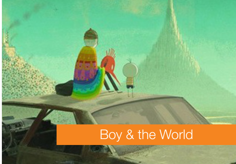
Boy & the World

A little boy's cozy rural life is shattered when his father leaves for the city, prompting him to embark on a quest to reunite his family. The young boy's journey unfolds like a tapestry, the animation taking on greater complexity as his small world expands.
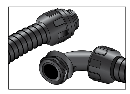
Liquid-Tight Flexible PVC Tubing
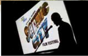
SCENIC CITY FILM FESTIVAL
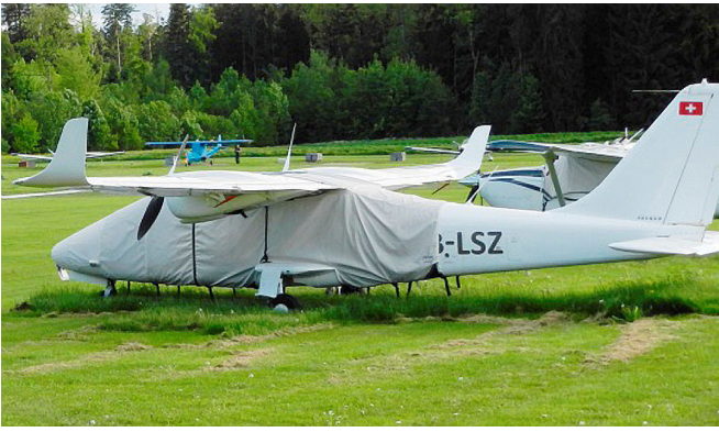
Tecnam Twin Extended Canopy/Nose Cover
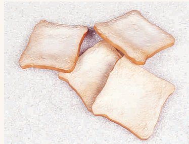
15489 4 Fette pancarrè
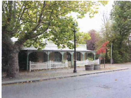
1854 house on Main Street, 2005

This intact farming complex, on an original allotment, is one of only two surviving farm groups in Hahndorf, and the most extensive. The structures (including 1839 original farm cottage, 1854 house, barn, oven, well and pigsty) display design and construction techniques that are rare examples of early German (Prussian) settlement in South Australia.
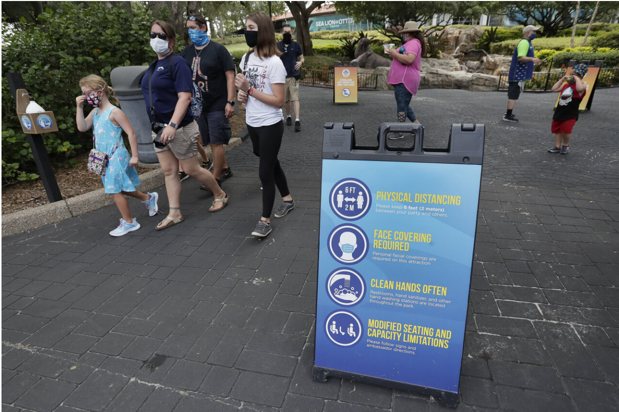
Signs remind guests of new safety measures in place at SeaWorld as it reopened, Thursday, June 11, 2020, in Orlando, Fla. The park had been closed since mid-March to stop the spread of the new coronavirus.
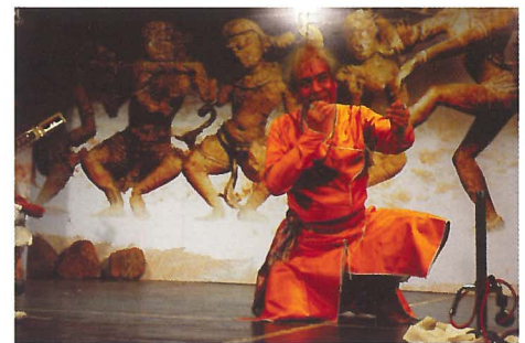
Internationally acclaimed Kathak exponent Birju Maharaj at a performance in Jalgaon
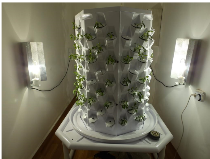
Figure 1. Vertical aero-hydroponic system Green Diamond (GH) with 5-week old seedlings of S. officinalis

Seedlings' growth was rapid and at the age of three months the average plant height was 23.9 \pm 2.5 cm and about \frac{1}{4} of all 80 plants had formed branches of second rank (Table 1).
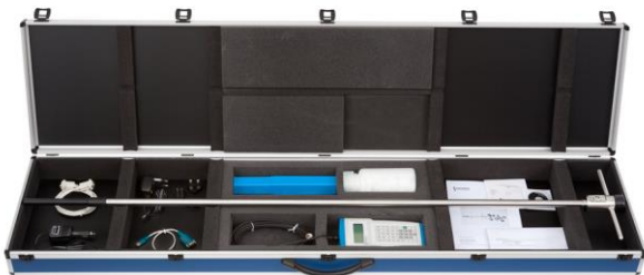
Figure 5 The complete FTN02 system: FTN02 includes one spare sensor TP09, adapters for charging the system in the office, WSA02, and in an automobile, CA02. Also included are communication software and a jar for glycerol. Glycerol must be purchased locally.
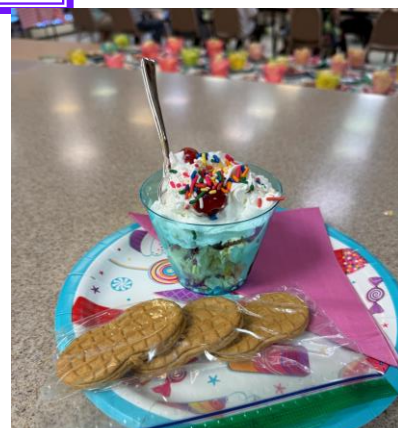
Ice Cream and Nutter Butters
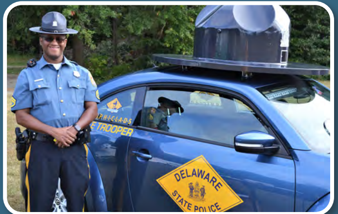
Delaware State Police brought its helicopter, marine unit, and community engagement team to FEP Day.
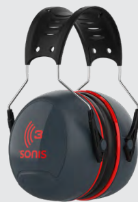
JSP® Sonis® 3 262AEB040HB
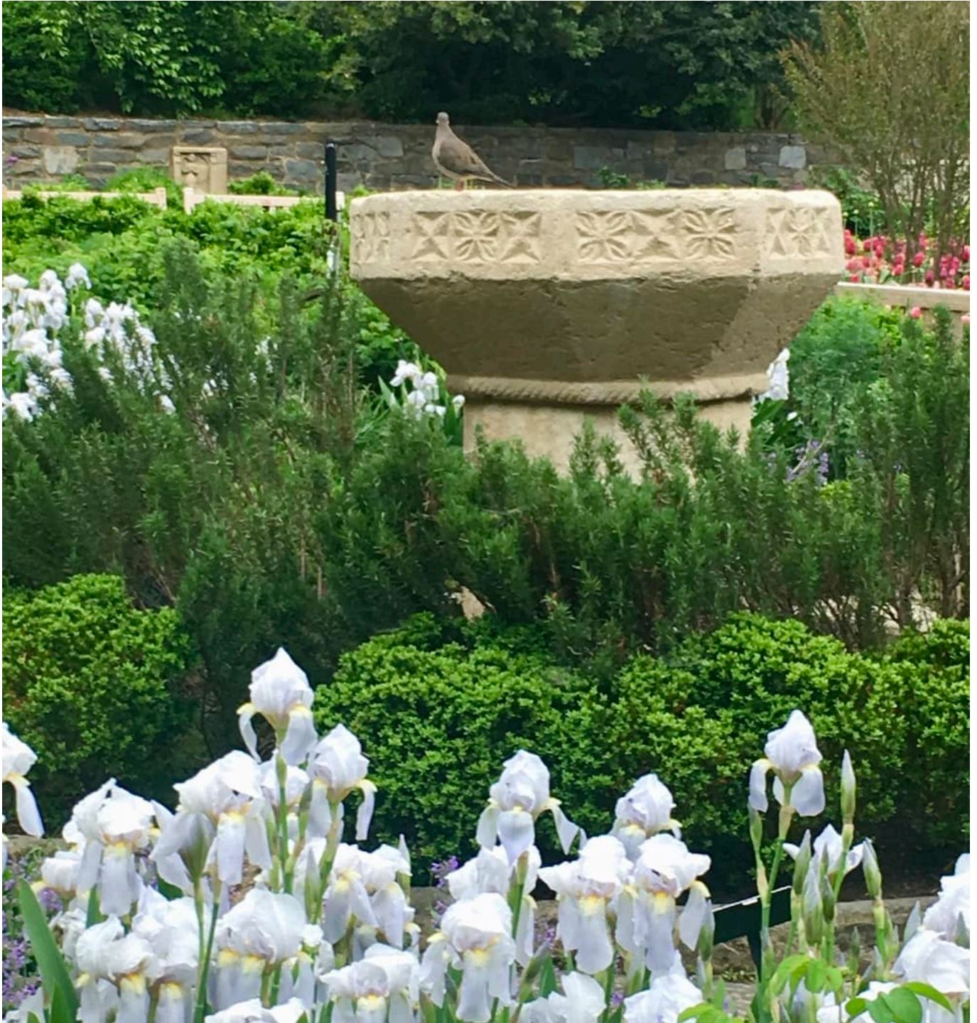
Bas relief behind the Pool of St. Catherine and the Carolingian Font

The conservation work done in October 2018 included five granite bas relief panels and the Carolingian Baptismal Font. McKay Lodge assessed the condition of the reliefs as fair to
....
### REQUIRED ACTION
Set down the line containing "Figure 5 The" and every line after it up to the end of the material, exactly as written, but not the pictures.

### YOUR SOLUTION
Figure 5 The complete FTN02 system: FTN02 includes one spare sensor TP09, adapters for charging the system in the office, WSA02, and in an automobile, CA02. Also included are communication software and a jar for glycerol. Glycerol must be purchased locally.
Ice Cream and Nutter Butters
Delaware State Police brought its helicopter, marine unit, and community engagement team to FEP Day.
JSP® Sonis® 3 262AEB040HB
Bas relief behind the Pool of St. Catherine and the Carolingian Font

The conservation work done in October 2018 included five granite bas relief panels and the Carolingian Baptismal Font. McKay Lodge assessed the condition of the reliefs as fair to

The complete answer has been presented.